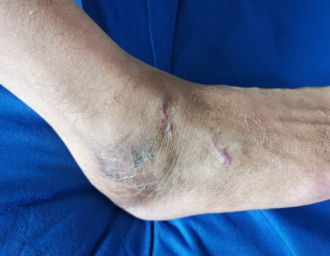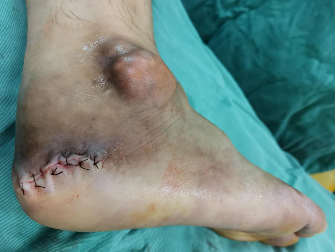经短暂住院抗感染等对症治疗后,患者右足跟外侧伤口愈合良好,顺利出院。
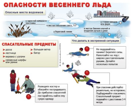 Нельзя выходить на водоемы при образовании ледяных заторов. Не пользуйтесь не санкционированными переходами по льду. Опасно находиться на весеннем льду водохранилищ. Переходить водоемы весной строго запрещается. Особенно недопустимы игры на льду в период вскрытия рек. Прыгать с льдины на льдину и удаляться от берега недопустимо. Такие поступки, как правило, заканчиваются трагически.
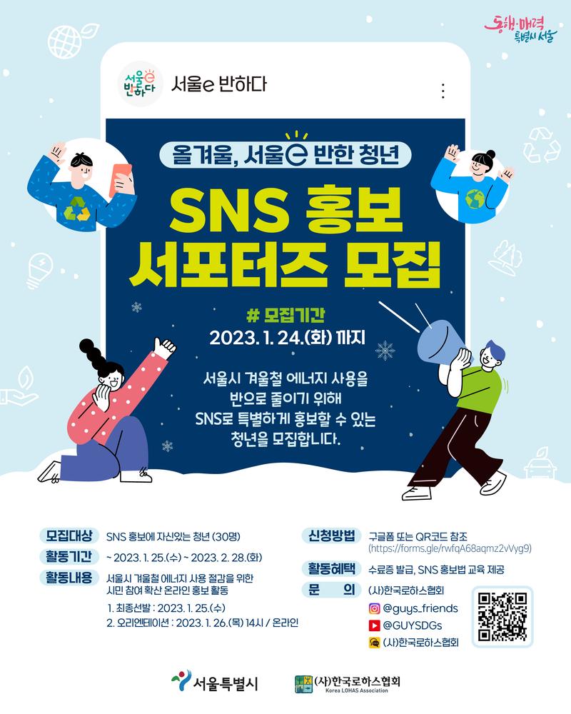 서울시 겨울철 에너지 사용을 반으로 줄이기 위해 SNS로 특별하게 홍보할 수 있는 청년을 모집합니다.
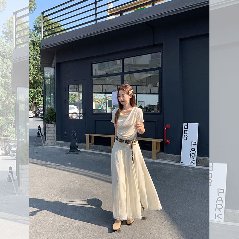 Plain Fit Neck Cowl Short-Sleeve T-Shirt Slim Ruched
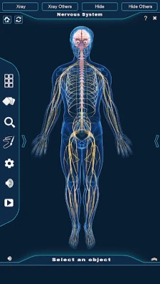 Nervous System Anatomy Pro. gives users an in depth look at the Nervous System. allowing them to select , xray view, hide and show parts of the Nervous System as well as view real time animation, draw or white on screen and share screenshots, Audio pronunciation for all anatomy terms and more.
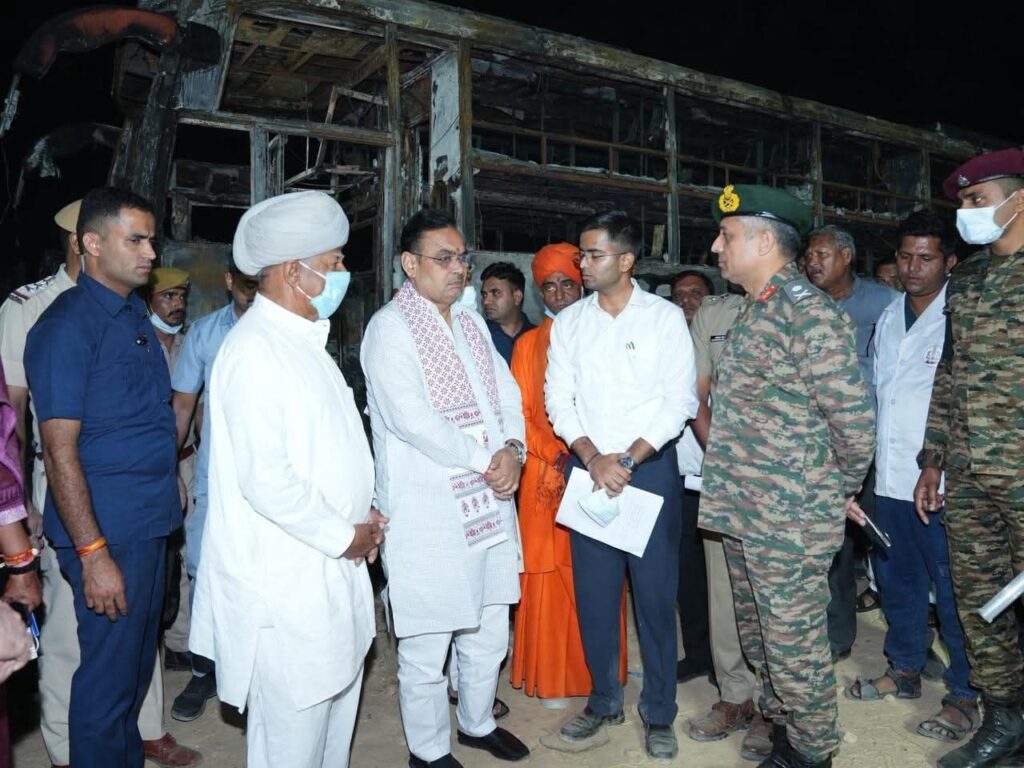 CM भजनलाल दुर्घटनास्थल पर मौका मुआयना करते हुए
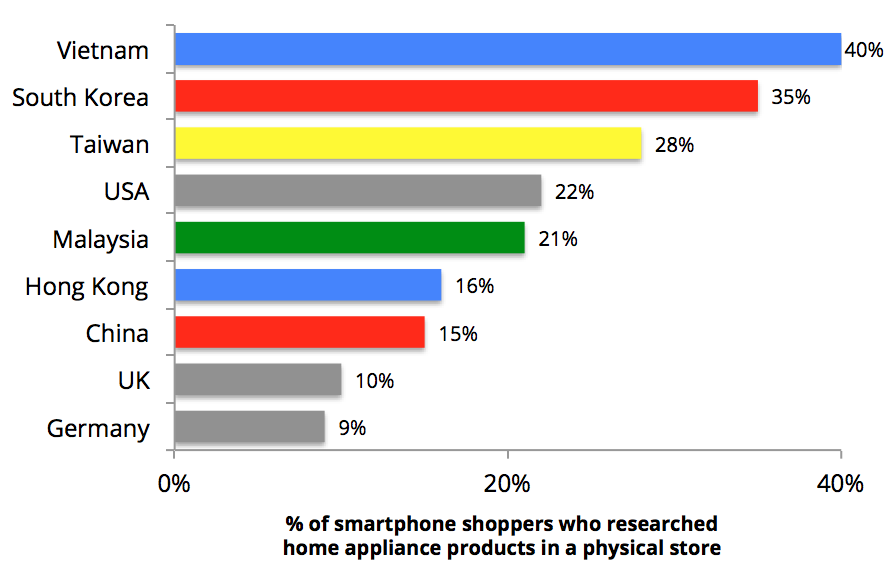 아시아는 이미`모바일 퍼스트’에서 ‘모바일 온리’로 바뀌고 있다. 말레이시아에서는 응답자 중 35%는 스마트폰이 유일한 인터넷 기기라고 답했고 베트남 응답자는 24%가 동일하게 답했다. 개발도상국에만 해당하는 수치가 아니다. 싱가폴 응답자는 16%가, 한국 응답자는 14%가, 홍콩 응답자는 14%가 그렇다고 대답하며 두자리수의 응답률을 보였다.
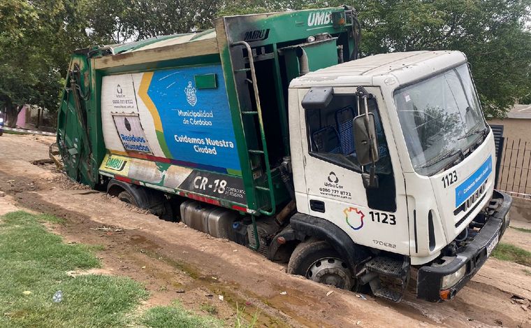 Audio. Un camión recolector de basura se hundió en un camino de tierra en Córdoba
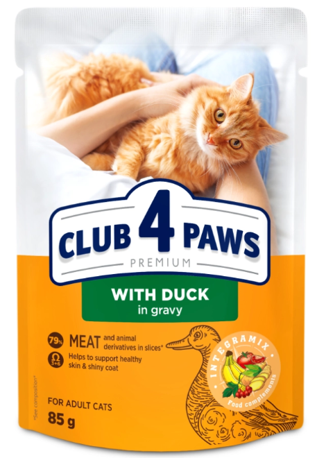 - Вологий корм Клуб 4 Лапи зі шматочками качки для котів має ідеальне співвідношення білків і жирів, а саме 8.5/5;
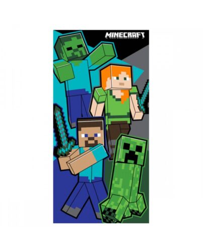 - Multi-coloured towel featuring key characters from the Minecraft world
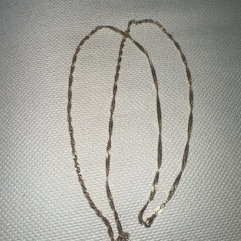 14 karat gullkjede uten anheng. 42 cm, 1mm bredt og veier 4 gram.
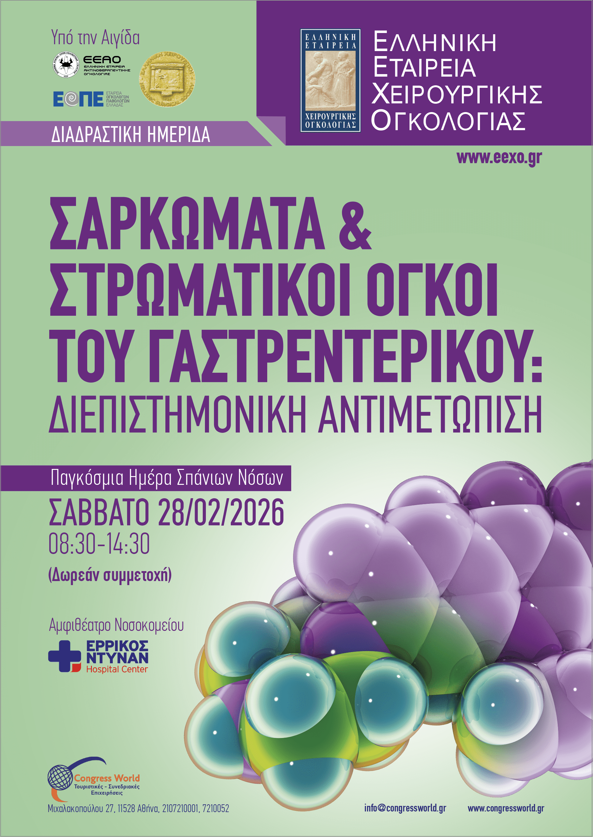Αγαπητοί συνάδελφοι, φίλες και φίλοι,Η Ελληνική Εταιρεία Χειρουργικής Ογκολογίας (ΕΕΧΟ), το Σάββατο 28/2/2026 στο Αμφιθέατρο του Νοσοκομείου Ερρίκος Ντυνάν, θα πραγματοποιήσει την διαδραστική ημερίδα: “Σαρκώματα…
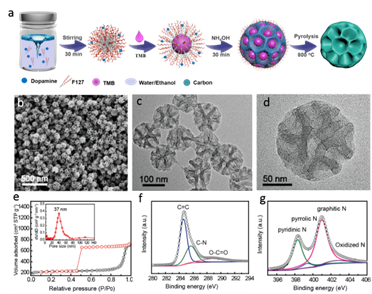 作者以商业化的Pluronic F127为模板,以多巴胺(DA)为碳源和氮源,以1,3,5-三甲苯(TMB)为调节剂,在水和乙醇的体系中合成一系列到具有可调孔径的氮掺杂碳纳米球。在合成的过程中,作者发现有机小分子(TMB)不仅对于孔隙的大小有着重要的作用,而且对于软模板(F127)和前驱物(DA)所形成的界面有巨大的影响。因此,通过调控TMB的用量可以有效控制胶束的组装方式,从而达到调控碳球孔隙和架构的目的,分别得到了光滑碳球,高尔夫形碳球,多空腔形碳球,以及树突形碳球。所合成的碳球的孔隙可以在5-37纳米范围连续调控。其中,树突形碳球具有超大的孔径(~37 nm),较小的粒径(~128 nm),高的比表面积(~635 m2 g-1),和丰富的氮含量(~6.8 wt%)。得益于这些独特的物理化学性能,其在碱性电解液中显示出卓越的氧还原性能(ORR),包括高的电流密度,优异的循环稳定性和抗甲醇性能。这种简单,巧妙的纳米微乳液合成策略对于合成新颖的纳米结构提供了新思路。
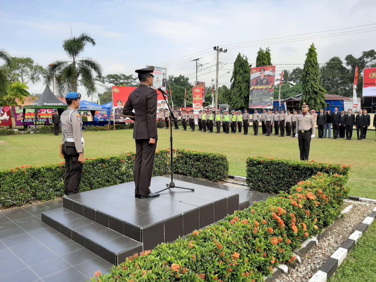 BANGKINANG. RIAUMADANI. COM - Peringatan Hari Bhayangkara ke-73 dengan tema "Dengan Semangat Promoter, Pengabdian Polri untuk Masyarakat, Bangsa dan Negara".dilapangan Mapolres Kampar, Rabu.
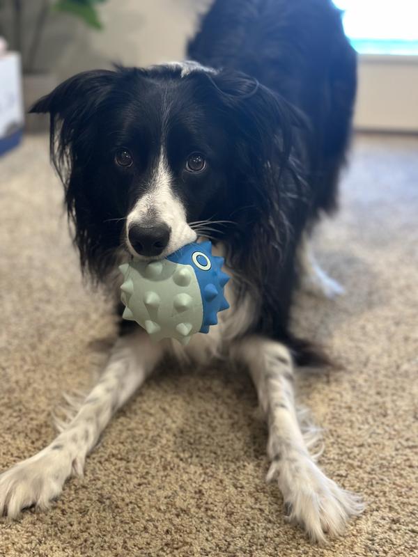 • Unique blowfish design with natural rubber spikes offers a satisfying mouthfeel.

┄┄┄┄┄┄

● **How to complete this task**
Copy the entries character for character, excluding any pictures.

● **Output of the task**
经短暂住院抗感染等对症治疗后,患者右足跟外侧伤口愈合良好,顺利出院。
 Нельзя выходить на водоемы при образовании ледяных заторов. Не пользуйтесь не санкционированными переходами по льду. Опасно находиться на весеннем льду водохранилищ. Переходить водоемы весной строго запрещается. Особенно недопустимы игры на льду в период вскрытия рек. Прыгать с льдины на льдину и удаляться от берега недопустимо. Такие поступки, как правило, заканчиваются трагически.
 서울시 겨울철 에너지 사용을 반으로 줄이기 위해 SNS로 특별하게 홍보할 수 있는 청년을 모집합니다.
 Plain Fit Neck Cowl Short-Sleeve T-Shirt Slim Ruched
 Nervous System Anatomy Pro. gives users an in depth look at the Nervous System. allowing them to select , xray view, hide and show parts of the Nervous System as well as view real time animation, draw or white on screen and share screenshots, Audio pronunciation for all anatomy terms and more.
 CM भजनलाल दुर्घटनास्थल पर मौका मुआयना करते हुए
 아시아는 이미`모바일 퍼스트’에서 ‘모바일 온리’로 바뀌고 있다. 말레이시아에서는 응답자 중 35%는 스마트폰이 유일한 인터넷 기기라고 답했고 베트남 응답자는 24%가 동일하게 답했다. 개발도상국에만 해당하는 수치가 아니다. 싱가폴 응답자는 16%가, 한국 응답자는 14%가, 홍콩 응답자는 14%가 그렇다고 대답하며 두자리수의 응답률을 보였다.
 Audio. Un camión recolector de basura se hundió en un camino de tierra en Córdoba
 - Вологий корм Клуб 4 Лапи зі шматочками качки для котів має ідеальне співвідношення білків і жирів, а саме 8.5/5;
 - Multi-coloured towel featuring key characters from the Minecraft world
 14 karat gullkjede uten anheng. 42 cm, 1mm bredt og veier 4 gram.
Αγαπητοί συνάδελφοι, φίλες και φίλοι,Η Ελληνική Εταιρεία Χειρουργικής Ογκολογίας (ΕΕΧΟ), το Σάββατο 28/2/2026 στο Αμφιθέατρο του Νοσοκομείου Ερρίκος Ντυνάν, θα πραγματοποιήσει την διαδραστική ημερίδα: “Σαρκώματα…
 作者以商业化的Pluronic F127为模板,以多巴胺(DA)为碳源和氮源,以1,3,5-三甲苯(TMB)为调节剂,在水和乙醇的体系中合成一系列到具有可调孔径的氮掺杂碳纳米球。在合成的过程中,作者发现有机小分子(TMB)不仅对于孔隙的大小有着重要的作用,而且对于软模板(F127)和前驱物(DA)所形成的界面有巨大的影响。因此,通过调控TMB的用量可以有效控制胶束的组装方式,从而达到调控碳球孔隙和架构的目的,分别得到了光滑碳球,高尔夫形碳球,多空腔形碳球,以及树突形碳球。所合成的碳球的孔隙可以在5-37纳米范围连续调控。其中,树突形碳球具有超大的孔径(~37 nm),较小的粒径(~128 nm),高的比表面积(~635 m2 g-1),和丰富的氮含量(~6.8 wt%)。得益于这些独特的物理化学性能,其在碱性电解液中显示出卓越的氧还原性能(ORR),包括高的电流密度,优异的循环稳定性和抗甲醇性能。这种简单,巧妙的纳米微乳液合成策略对于合成新颖的纳米结构提供了新思路。
 BANGKINANG. RIAUMADANI. COM - Peringatan Hari Bhayangkara ke-73 dengan tema "Dengan Semangat Promoter, Pengabdian Polri untuk Masyarakat, Bangsa dan Negara".dilapangan Mapolres Kampar, Rabu.
 • Unique blowfish design with natural rubber spikes offers a satisfying mouthfeel.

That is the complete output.